205 Thermal Asperity Rate A rate at which read errors occur due to short-term temperature fluctuations on a hard drive read head.
206 Flying Height Deviation of a head height above the disk surface from the optimal height value. If a head is too close to the disk surface, there is a risk of mechanical damage. If a head is too far from the disk surface, read/write errors may happen.
207 Spin High Current Amount of current needed to spin a hard disk up. Only used in rotational hard drives.
209 Offline Seek Performance Characterizes performance of seek operations of a disk head measured during an offline scan.
220 Disk Shift Distance the disk has shifted in relation to the theoretical spindle axis due to mechanical damage or overheating.
221 G-Sense Error Rate Indicates how many times a disk stopped working due to shock or vibration. Typically, this attribute is used in laptop hard drives. In desktop hard drives, sometimes the attribute is listed but never changes, because apparently the vibration detection circuitry is not available.
222 Loaded Hours Time a disk head spent in the data zone, rather than in the parking area or on a head ramp. The value counts down, typically from 100 to 0. The Raw value often holds the actual number of hours.
223 Load/Unload Retries The number of failures when moving a head from the data area to the parking area and vice versa.
224 Load Friction Friction associated with moving a head between the data area and the parking area, especially for the disks with dedicated unload ramp.
225 Load/Unload Cycles The number of head movement cycles between the data zone and the head parking area or a dedicated unload ramp.The value counts down, typically from 100 to 0. The Raw value typically holds the actual number of cycles.

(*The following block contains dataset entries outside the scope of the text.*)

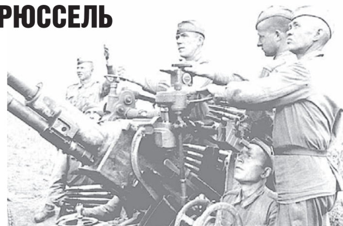
Зенитчики. 1944 год.

• 3 сентября 1944 года войска 2-го и 3-го Украинских фронтов завершили ликвидацию окруженной группировки немецко-фашистских войск юго-западнее Кишинева и на западном берегу реки Прут. Войска союзников вступили в столицу Бельгии — г. Брюссель, освобожденный бельгийскими патриотами. Президиум Верховного Совета СССР принял Указ о награждении орденами и медалями работников строительства завода № 410 Народного Комиссариата нефтяной промышленности СССР за успешное окончание строительства завода по выпуску оборонной продукции. Опубликовано сообщение Чрезвычайной государственной комиссии о разрушении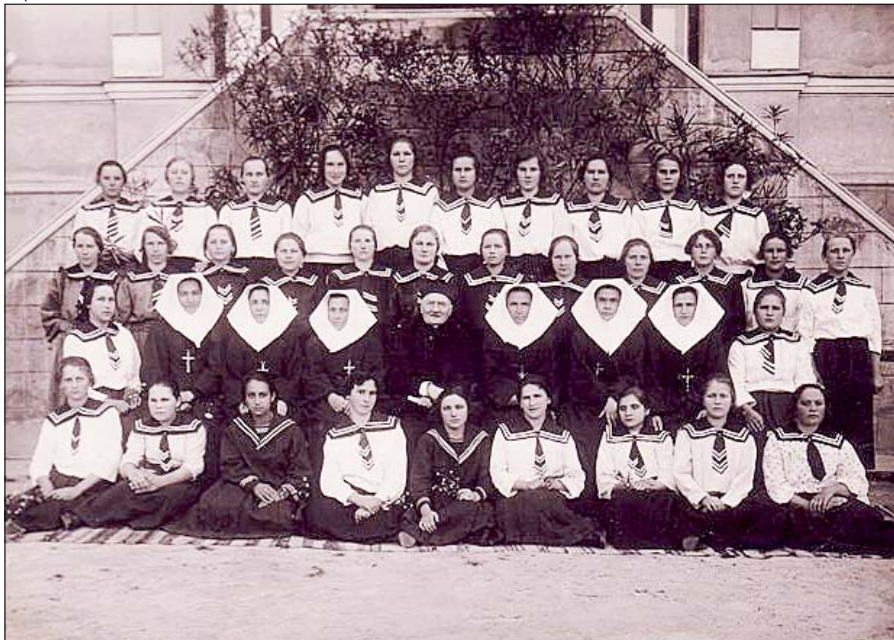
Zakończenie roku szkolnego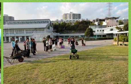
冬芝の種まき方法に対するアドバイス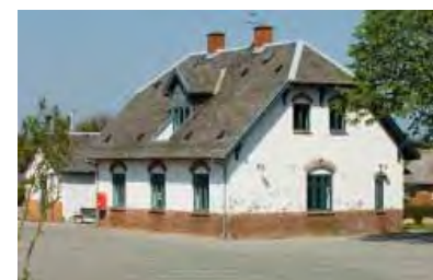
| Nors. Stationen er nedlagt, og bygningerne afventer ny anvendelse.

rende betydende stationsbyer som Hurup, Bedsted, Snedsted og Sjørring alle profiterer af tilknytningen til banen. Jernbanen og et tilpas opland omkring de gamle stationsbyer har sikkert også været medvirkende til fremkomsten af de store industrivirksomheder i Hurup, Sjørring og Nors.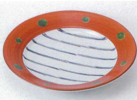
ミ206-01 朱巻十草6.0リム皿 φ18.5×3.1cm 3,080円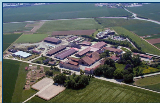
La ferme de Grignon, cadre du programme Grignon Énergie Positive, dans la plaine de Versailles

Téléchargez PerfAlim sur notre site: www.cereopa.com/fr/actions/perfalim.html ou www.cereopa.com (et sélectionnez PerfAlim)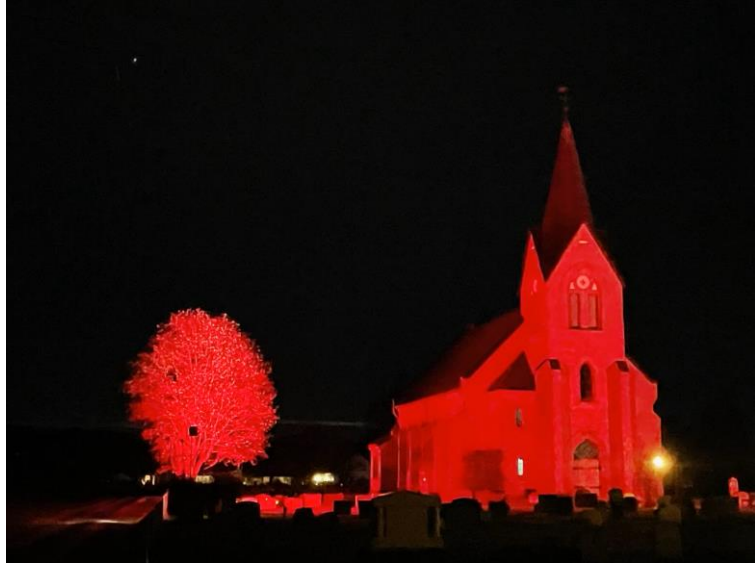
Ingvar Emdal 24. oktober kl. 19:12 · 📍

Verdens polioidag 24.10. Ver med å bidra til å vaksinere barn mot polio .vipps 114274. For kr100 vaksinerer vi 17 barn. Takk for ditt bidrag.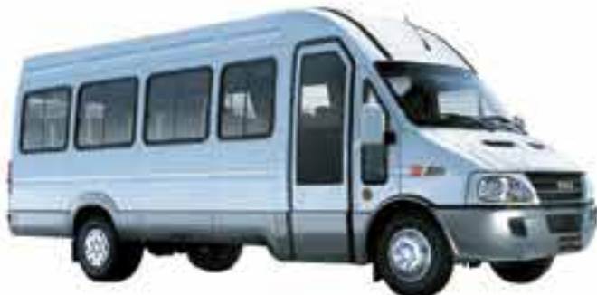
10 Seaters to 19 Seaters

ရုံး/ကုမ္ပဏီ/ဘဏ်/ကျောင်းကြို/ပို့နှင့် ခရီးတိုအမျိုးမျိုးသွားနိုင်ရန်အတွက်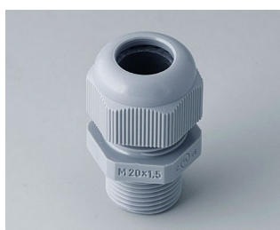
C2320428 Кабельный ввод M20 x 1,5 ПА серебристо-серый RAL 7001

226 Load-in Time Time a disk head spent in the data zone, rather than in the parking area or on a head ramp. The value counts down, typically from 100 to 0. The Raw value often holds the actual number of hours.

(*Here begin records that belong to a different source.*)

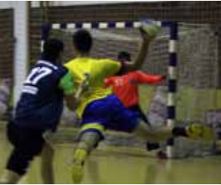
Sudački par iz Garešnice oštetio Ivančicu

Rukometaši Ivančice u završetku jesenskog dijela prvenstva u 1. HRL Sjever odigrali su još dvije prvenstvene utakmice i obje izgubili. U utakmici 12. kola poraženi su na od momčadi Nove Gradiške s 31:34, a tjedan dana kasnije i od Đakova s 26:29.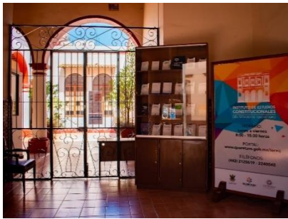
Instituto de Estudios Constitucionales del Estado de Querétaro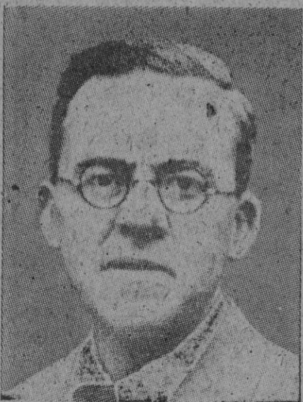
Sir Stafford Cripps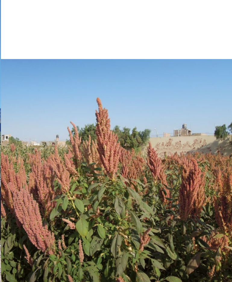
Pole se zrající kiwichou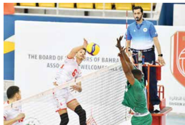
من لقاء المنتخبين التونسي والسعودي

تشهد منافسات النصف النهائي من بطولة المنتخبات العربية ٢٣ لكرة الطائرة مواجهة حامية، وتجمع المنتخبين التونسي والقطري في الساعة في تمام الساعة ٨:٠٠ مساء. وكان منتخب نسور قرقطاج قد تفوق على المنتخب السعودي في لقاء دور الربع النهائي بثلاثة أشواط مقابل لا شيء ٢٥-٢٢، ٢٥-١٥، وفي الوقت الذي كان فيه الشوط الأول والثالث قد جاء متكافئين قدم فيهما السعوديون أفضل أداء لهم حتى الآن. فإن التونسيين قد بسطوا أفضليتهم على الشوط الثاني. وفاز المنتخب القطري في الدور نفسه على المنتخب العراقي بثلاثة أشواط مقابل شوط ٢٥-٢٣، ٢٥-٢٥، ٢٥-٢٧، ٢٥-١٣، وكان المنتخب العراقي سباقاً إلى التقدم بالشوط الأول، قبل أن يعود زملاء رينان قائد قطر إلى أجواء الأشواط الثلاثة الأخيرة. وبهذه الخسارة التي تعرض لها المنتخب العراقي، فإنه سيقابل منتخب السعودية في الساعة مساء ٤:٠٠ لتحديد المراكز ٥-٨.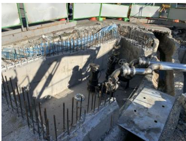
板橋區文化路一段及民權路口 雨水管涵改善工程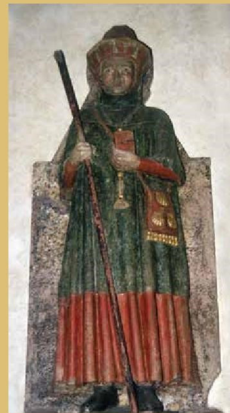
Tamerville (Manche), statue de saint Jacques en pèlerin, XV e siècle.

227 Torque Amplification Count Indicates how many times it was required to use high current to spin a hard disk up or to maintain rotational speed.
228 Power-Off Retracts The number of unexpected power outages when the power was lost before a command to turn off the disk is received. On a hard drive, the lifetime with respect to such shutdowns is much less than in case of normal shutdown. On an SSD, there is a risk of losing the internal state table when an unexpected shutdown occurs.

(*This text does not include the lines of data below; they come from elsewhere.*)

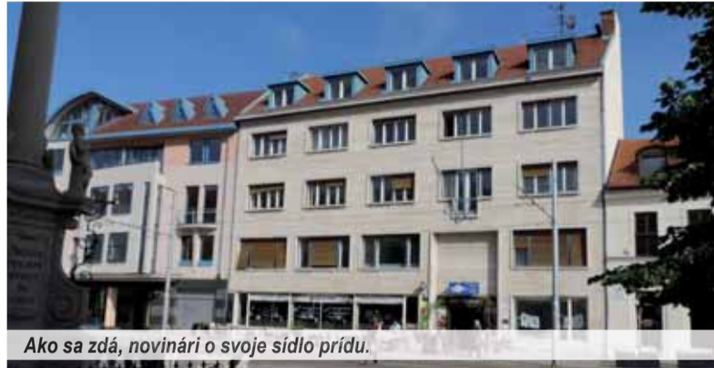
Ako sa zdá, novinári o svoje sídlo prídu.

Syndikát slovenských novinárov, zdá sa, sa najnovšie topí v iných problémoch, ako je „len“ založenie budovy najhorším možným spôsobom zo všetkých možných zlých schránkovej spoločnosti. Tu niektorí slovenskí „novinári“ predvedli naozaj netušené schopnosti, keď sa pod niečo také podpisovali.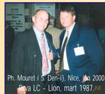
Ph. Mouret i S. Den-i, Nice, jun 2000. Prva LC - Lion, mart 1987.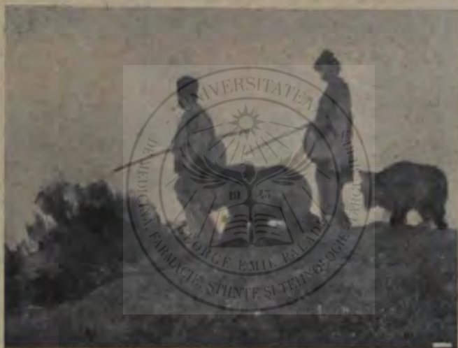
Șt. Luchian, Ursarii.

Astăzi avem domni prea mulți, Nu mai știi de cari s'ascuți. Domni de ai cari nu muncesc Fără numai se sfădesc

230 GMR Head Amplitude Amplitude of disk head oscillations.
231 Temperature Temperature, monitored by a sensor somewhere inside the drive. Raw value typicaly holds the actual temperature (hexadecimal) in its rightmost two digits.
232 Available Reserved Space The attribute is used in SSDs to denote the remaining reserved space. The value counts down, typically from 100 to 0. The Raw value is vendor-specific.
233 Media Wearout Indicator Remaining flash memory life (on an SSD).
240 Head Flying Hours Time a disk head spent in the data zone, rather than in the parking area or on a head ramp. The value counts down, typically from 100 to 0. The Raw value often holds the actual number of hours.
241 Total LBAs Written The total number of 512-byte sectors written during the entire lifetime of the device.
242 Total LBAs Read The total number of 512-byte sectors read during the entire lifetime of the device.
250 Read Error Retry Rate There is no reliable information available about this attribute.